In his memoirs, Leon Trotsky ascribes the name "Council of People's Commissars" to himself.[5] According to the memoirs of Vladimir Milyutin, the name "People's Commissar" was proposed by Trotsky, and Kamenev proposed the government as the "Council of People's Commissars". Some have also claimed that the authorship of the term was first coined by Vladimir Antonov-Ovseyenko.[6]

At the same time, from Lenin's notes written no later than October 25, 1917:

"Immediate creation... of a commission of people's commissars... (ministers and comrades of the minister)".

It follows that the name "commissars" (etymologically "the heads of commissions"), as a replacement for the term "ministers", even earlier appeared in the outline of the organization of a new apparatus of government of the future head of the Council of People's Commissars. In the same document, it was planned to create other central government bodies in the rank of commissions (commissions of a revolutionary order, commissions of legislative assumptions, and a number of commissions in various branches of the state life of the country).[7]

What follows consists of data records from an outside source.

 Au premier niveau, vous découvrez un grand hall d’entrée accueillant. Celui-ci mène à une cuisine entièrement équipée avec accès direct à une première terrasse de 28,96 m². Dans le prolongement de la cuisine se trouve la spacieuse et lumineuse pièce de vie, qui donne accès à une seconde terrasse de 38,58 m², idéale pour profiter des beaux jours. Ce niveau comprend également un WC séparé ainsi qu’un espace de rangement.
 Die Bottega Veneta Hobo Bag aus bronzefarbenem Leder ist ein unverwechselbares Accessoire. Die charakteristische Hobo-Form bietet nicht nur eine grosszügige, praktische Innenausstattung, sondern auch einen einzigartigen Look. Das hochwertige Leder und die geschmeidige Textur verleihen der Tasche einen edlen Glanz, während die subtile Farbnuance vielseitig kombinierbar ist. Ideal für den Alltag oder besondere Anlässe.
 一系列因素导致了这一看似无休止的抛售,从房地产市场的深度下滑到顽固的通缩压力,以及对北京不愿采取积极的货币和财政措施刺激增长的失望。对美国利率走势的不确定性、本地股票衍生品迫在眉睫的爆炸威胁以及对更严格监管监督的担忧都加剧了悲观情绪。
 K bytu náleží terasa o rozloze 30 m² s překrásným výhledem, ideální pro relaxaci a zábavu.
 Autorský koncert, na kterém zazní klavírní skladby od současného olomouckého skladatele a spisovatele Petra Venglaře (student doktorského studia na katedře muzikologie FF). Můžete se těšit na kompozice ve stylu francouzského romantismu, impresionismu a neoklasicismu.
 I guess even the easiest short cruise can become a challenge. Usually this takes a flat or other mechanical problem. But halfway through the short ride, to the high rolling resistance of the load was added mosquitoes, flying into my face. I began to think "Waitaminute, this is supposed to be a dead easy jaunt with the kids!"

Immediately before the seizure of power on the day of the revolution, the Central Committee of the Bolsheviks instructed Kamenev and Berzin to make political contact with the Left Socialist Revolutionaries and begin negotiations with them on the composition of the future government. During the work of the Second Congress of Soviets, the Bolsheviks proposed that the Left Socialist Revolutionaries enter the government, but they refused. The factions of the Right Socialist Revolutionaries and Mensheviks left the Second Congress of Soviets at the very beginning of its work – before the formation of the government. The Bolsheviks were forced to form a one-party government.[8]